Suturing, and the threads that are used for them, have been around for thousands of years but now they are in for a big upgrade.

Researchers at Tufts University have developed a “toolkit” of biocompatible threads that can sense everything from temperature to pH to physical strain. So far, the work is just in mice.

"Most sensors that people build are typically on hard substrates like glass or silicone. We were very interested in making sensors that we can intimately interface with tissues and biological things,” said Dr. Sameer Sonkusale, the lead researcher and an associate professor of electrical engineering at Tufts University.

The researchers started with cotton thread, like the ones that make up your shirt, and worked from there to develop an entire toolkit of sensors. The team has moved on from cotton thread to polyurethane, a plastic like substance, and rubber, but the fundamentals of why they chose thread haven’t changed.
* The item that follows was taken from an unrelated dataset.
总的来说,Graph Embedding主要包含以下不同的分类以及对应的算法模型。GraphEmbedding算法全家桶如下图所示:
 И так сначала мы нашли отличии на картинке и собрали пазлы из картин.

Thread is biocompatible, thin, flexible and widely available.

The researchers created all of these different threads for their toolbox and tested them on the mice. The threads were as accurate as over-the-counter sensors and were biocompatible with the mice — cells grew on, and around, the thread with little inflammation or adverse reactions.

To test pH and glucose, the researchers used the natural absorbing abilities of the thread to carry fluid from inside the body to the sensors. The threads require no pump or syringe and can transport fluids out of the body through capillary action, the same mechanism trees use to carry water to their leaves. To measure physical strain, the researchers coated the thread in a conductive nanoparticle and measured the resistance, the ease at which electricity ran along the thread, to measure the tension.
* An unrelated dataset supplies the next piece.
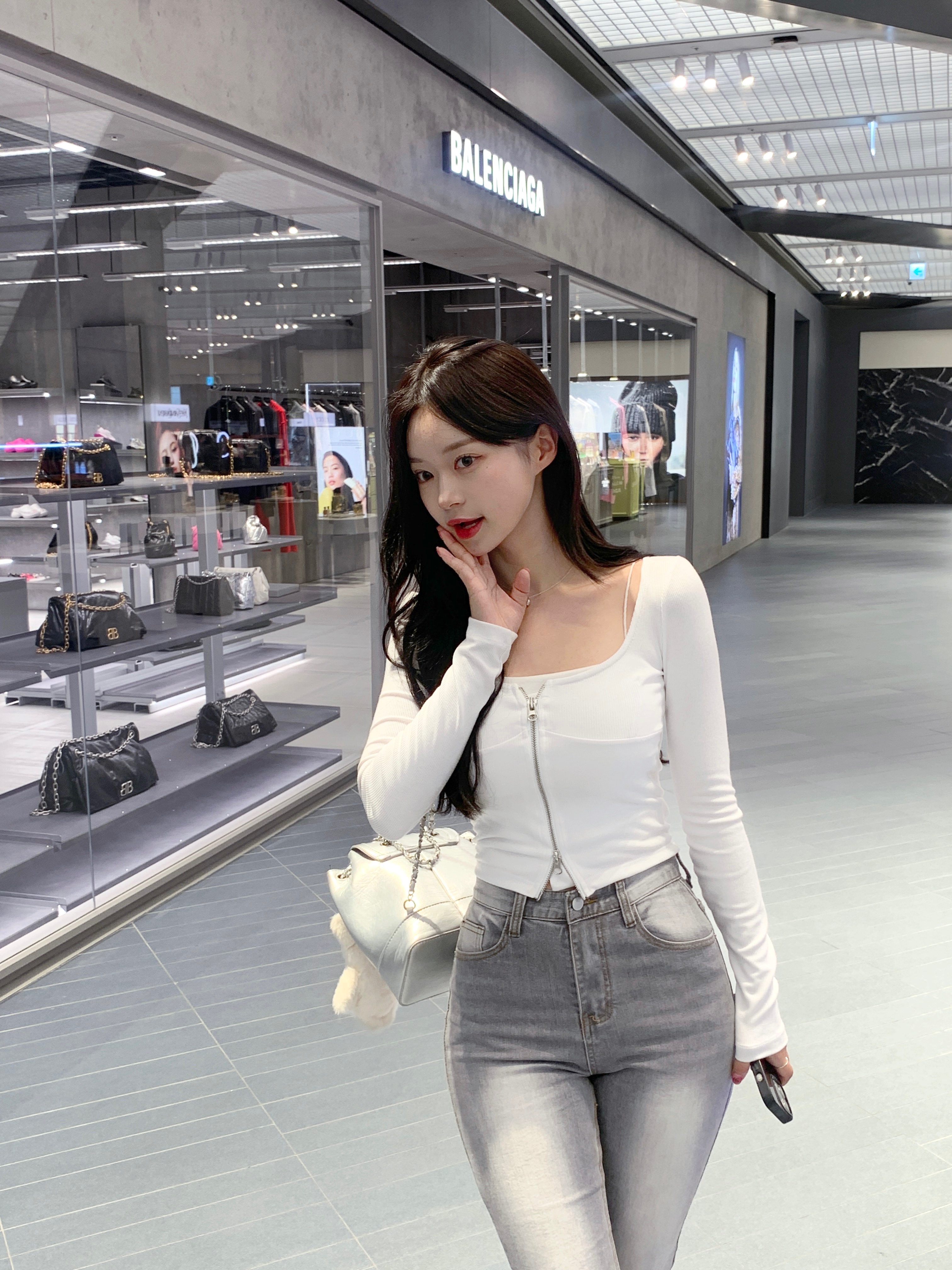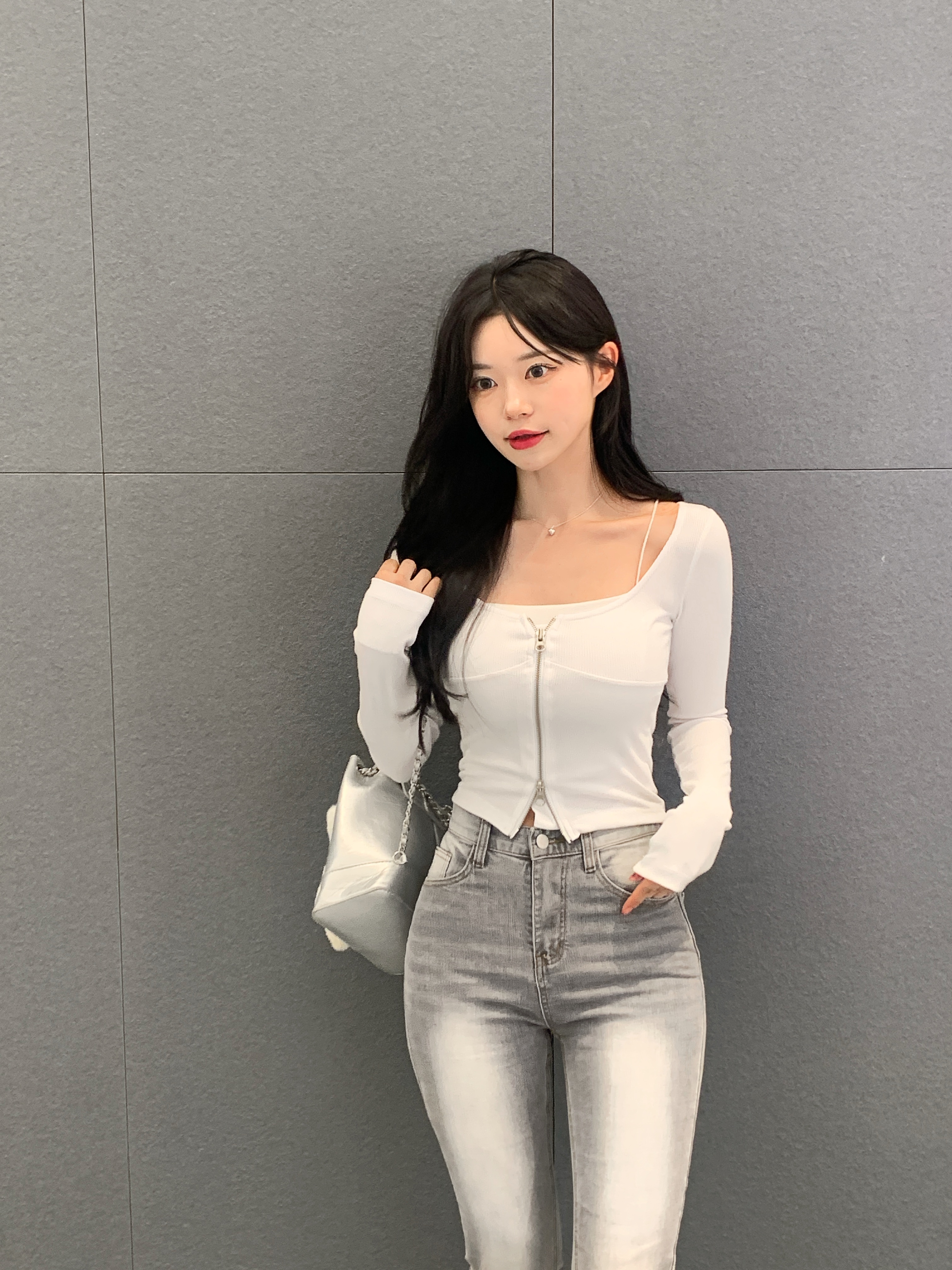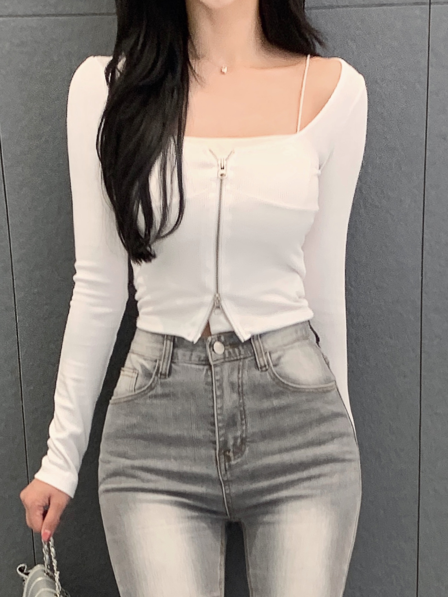 [자체제작, 스판 5%] 쉐입 슬림핏 크롭 셔츠 (화이트)

The threads are attached to a small, half-credit card sized transmitter that sends the data collected by the thread to an iPhone app via Bluetooth.

Suturing with these threads is just one possible use for them. They could be attached to implants to monitor healing and scar tissue or sewn into clothes and bandages.

“There is no inherent restrictions on where these threads can go,” said Sonkusale. “The hope is that when you suture someone with these threads, the surgeon could monitor some of these biomolecules inside and would know whether there is infections, whether there is swelling, whether there is inflammation — without opening up the wound.”

While implanted threads still have years before seeing human trials and clinical use — they have to pass human trials and FDA regulations — non-implanted threads, sewn into medical materials like bandages, could see pilot studies within a year or two, researchers said. Sonkusale hopes to use the threads to monitor wound healing and infection by connecting them to a membrane that would cover the wound.

The researchers are also testing whether the threads can be used to deliver drugs to tissue but have yet to analyze their results.